Abstract
Background
Tumor immunotherapy brings new light and vitality to breast cancer patients, but low response rate and limitations of therapeutic targets become major obstacles to its clinical application. Recent studies have shown that CD24 is involved in an important process of tumor immune regulation in breast cancer and is a promising target for immunotherapy.
Methods
In this study, singleR was used to annotate each cell subpopulation after t-distributed stochastic neighbor embedding (t-SNE) methods. Pseudo-time trace analysis and cell communication were analyzed by Monocle2 package and CellChat, respectively. A prognostic model based on CD24-related genes was constructed using several machine learning methods. Multiple quantitative immunofluorescence (MQIF) was used to evaluate the spatial relationship between CD24+PANCK+cells and exhausted CD8+T cells.
Results
Based on the scRNA-seq analysis, 1488 CD24-related differential genes were identified, and a risk model consisting of 15 prognostic characteristic genes was constructed by combining the bulk RNA-seq data.
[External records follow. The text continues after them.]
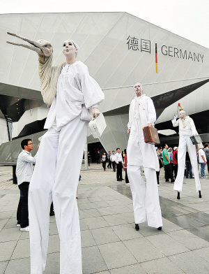 素来以稳重、严谨著称的德国人把一座“悬浮在空中的建筑”带到了上海世博园区,但当看上去不稳的德国馆建筑单体构成一个平稳的整体时,却强烈地表现出“和谐都市”的主题。今天上午,德国馆迎来国家馆日。德国馆日的活动精彩纷呈。中午时分,在世博轴阳光谷,欧洲青年交响乐团精彩的演奏以及德国嘻哈乐队的节奏音乐口技和嘻哈表演轮番上场,德国乐队“两居室”则为观众带来最新流行乐曲。而在德国馆外排队等候的人群中,扮相奇特的“巨人”不时与游客打个招呼,带来阵阵笑声。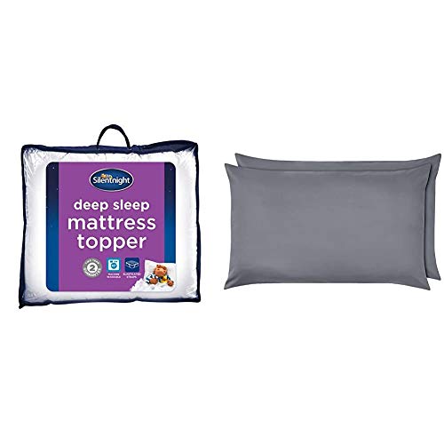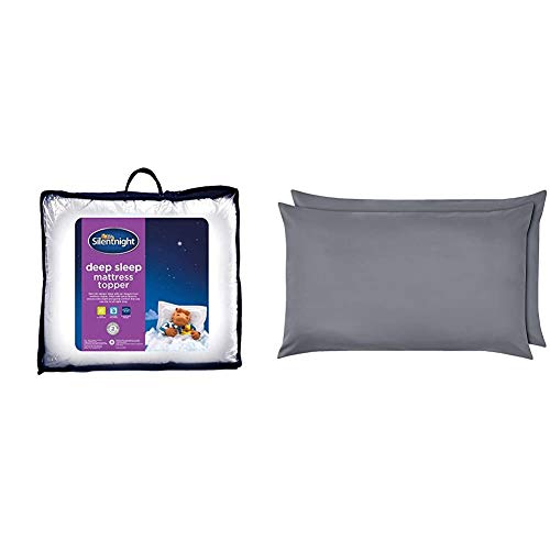 Silentnight Deep Sleep Mattress Topper, White, Double & Amazon Basics Microfibre Pillowcases, Dark Grey – Set of Two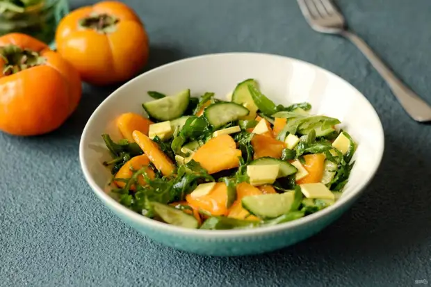 Если вы любите салаты с овощами и зеленью, обязательно попробуйте их в сочетании с хурмой. Получается удивительно вкусно и ярко.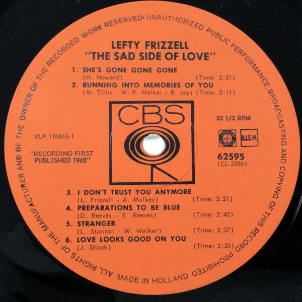€ 7.50 Media: Very Good Plus (VG+)Hoes: Very Good Plus (VG+)Lefty Frizzell – The Sad Side Of Love (LP, Mono)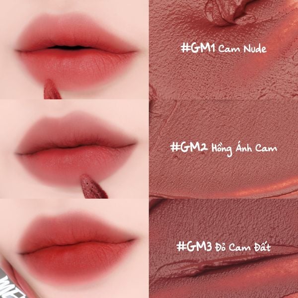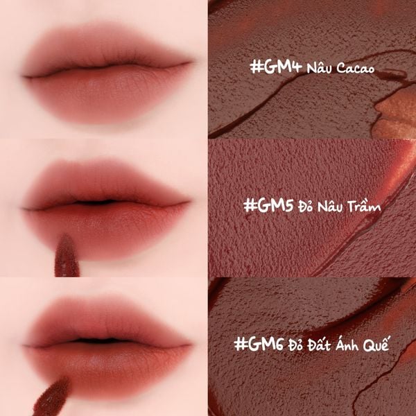 BẢNG MÀU SON KEM LÌ MERZY THE GLAM MELLOW TINT 4G:

Patients were divided into high- and low-risk groups based on the median risk score. Immune landscape analysis showed that the low-risk group showed higher infiltration of immune-promoting cells and stronger immune reactivity. The results of cell communication demonstrated a strong interaction between CD24+epithelial cells and CD8+T cells. Subsequent MQIF demonstrated a strong interaction between CD24+PANCK+ and exhausted CD8+T cells with FOXP3+ in breast cancer. Additionally, CD24+PANCK+ and CD8+FOXP3+T cells were positively associated with lower survival rates.
Conclusion
This study highlights the importance of CD24+breast cancer cells in clinical prognosis and immunosuppressive microenvironment, which may provide a new direction for improving patient outcomes.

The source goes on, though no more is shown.